(Records contained in a dataset)
Segment Open

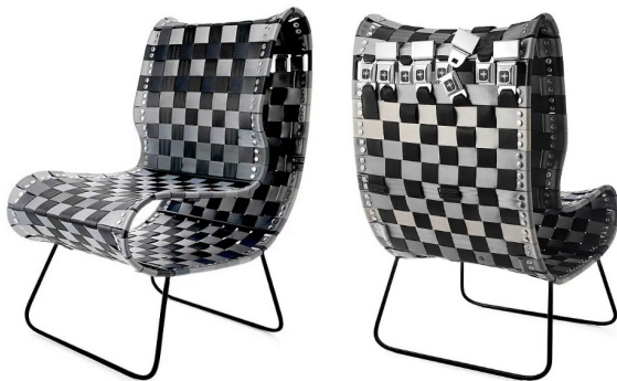
Рис. 9. 'Reclaimed Seatbelt Chair. дизайнер Adam Barron [16]
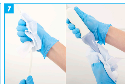
Stap 7 - Ontsmet de sonde van 'schoon' naar 'niet schoon': begin bij de houder, dan de kabel en werk richting het handvat en uiteinde van de sonde. Alle oppervlakken van het instrument dienen tenminste een keer met het doekje in contact te komen.

Het gehele doekje dient met schuim bedekt te zijn.
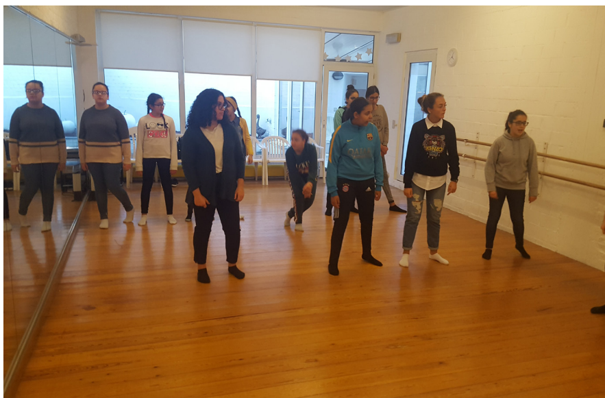
Atelier danse avec les grands
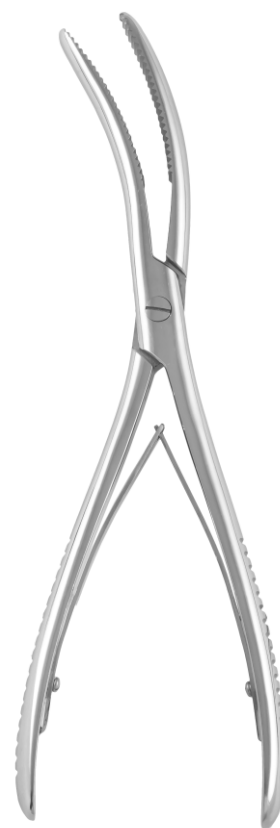
Щипцы для отгибания краев гипсовых повязок Plaster Cast Breaker

24.0109.18* 180 mm 24.0109.20* 200 mm 24.0109.22* 220 mm 24.0109.24* 240 mm 24.0109.26* 265 mm
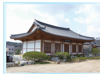
◀마재성지 한옥 성당 현재 경기도 남양주시 조안면 능내리에 위치

옥중 아버지를 공경 / 아버지 정약종과 숙부들이 옥에 감히자 정철상 가롤로가 옥바라지를 하고 있다.
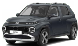
Dusk Blue Matte Matná metalická Cena: 15 900 Kč Nelze pro INSTER Cross, INSTER Cross Premium
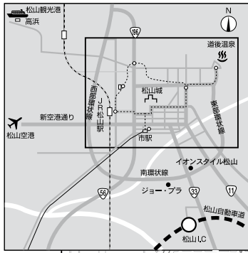
松山市街地図(会場および宿泊ホテル)
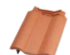
Ortgangziegel links Tandem®
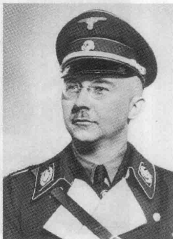
⊕ 臭名昭著的海因里希·希姆莱

党卫队（Schutzstaffel，简称SS）亦称党卫军，是德国纳粹党中用于执行治安勤务的编制之一，1925年4月成立。在成立初期，党卫队隶属于恩斯特·罗姆领导的冲锋队，仅仅作
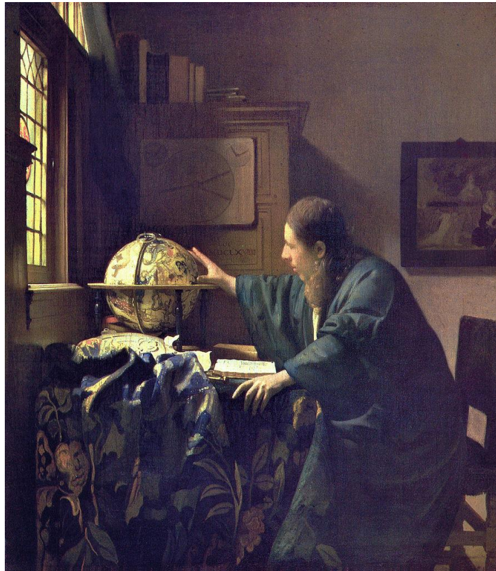
Veermer,J. 1668. El astrónomo . Figura 1. Recuperado de: http://www.artehistoria.com/v2/obras/3065.htm
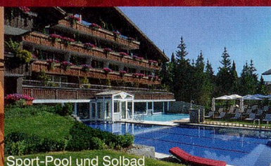
Sport-Pool und Solbad
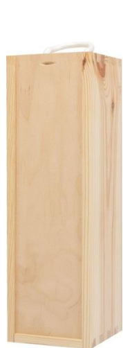
SKRZYŃKA 1BUT PIÓRNIK 320x95x95

Polecamy również opakowania na wina i alkohole, oraz dodatki w formie wysokiej jakości czekolad, przekąsek i oliw.
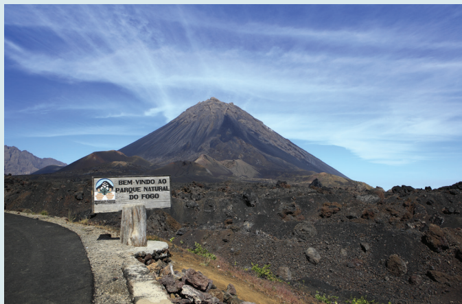
Pico do Fogo

Po pobycie na wyspie Brava (dzień 7–8) można wybrać bardziej klasyczny program zwiedzania na drugi tydzień. Warto połączyć pobyt w Mindelo na wyspie São Vicente z wędrówką szlakami na Santo Antão lub zdecydować się na tygodniowy odpoczynek na plażach na wyspach Sal i Boa Vista. Dwie ostatnie opcje: zob. „Wyspy Zielonego Przylądka w 1 tydzień”, s. 8.

Segment Closed

* [Exercise requirements]:
Give the lines exactly, from the first line of the entries to the line with "党卫队（Schutzstaf", both ends included. Skip the pictures.

* [Written answer]:
Рис. 9. 'Reclaimed Seatbelt Chair. дизайнер Adam Barron [16]
Stap 7 - Ontsmet de sonde van 'schoon' naar 'niet schoon': begin bij de houder, dan de kabel en werk richting het handvat en uiteinde van de sonde. Alle oppervlakken van het instrument dienen tenminste een keer met het doekje in contact te komen.

Het gehele doekje dient met schuim bedekt te zijn.
Atelier danse avec les grands
Щипцы для отгибания краев гипсовых повязок Plaster Cast Breaker

24.0109.18* 180 mm 24.0109.20* 200 mm 24.0109.22* 220 mm 24.0109.24* 240 mm 24.0109.26* 265 mm
◀마재성지 한옥 성당 현재 경기도 남양주시 조안면 능내리에 위치

옥중 아버지를 공경 / 아버지 정약종과 숙부들이 옥에 감히자 정철상 가롤로가 옥바라지를 하고 있다.
Dusk Blue Matte Matná metalická Cena: 15 900 Kč Nelze pro INSTER Cross, INSTER Cross Premium
松山市街地図(会場および宿泊ホテル)
Ortgangziegel links Tandem®
⊕ 臭名昭著的海因里希·希姆莱

党卫队（Schutzstaffel，简称SS）亦称党卫军，是德国纳粹党中用于执行治安勤务的编制之一，1925年4月成立。在成立初期，党卫队隶属于恩斯特·罗姆领导的冲锋队，仅仅作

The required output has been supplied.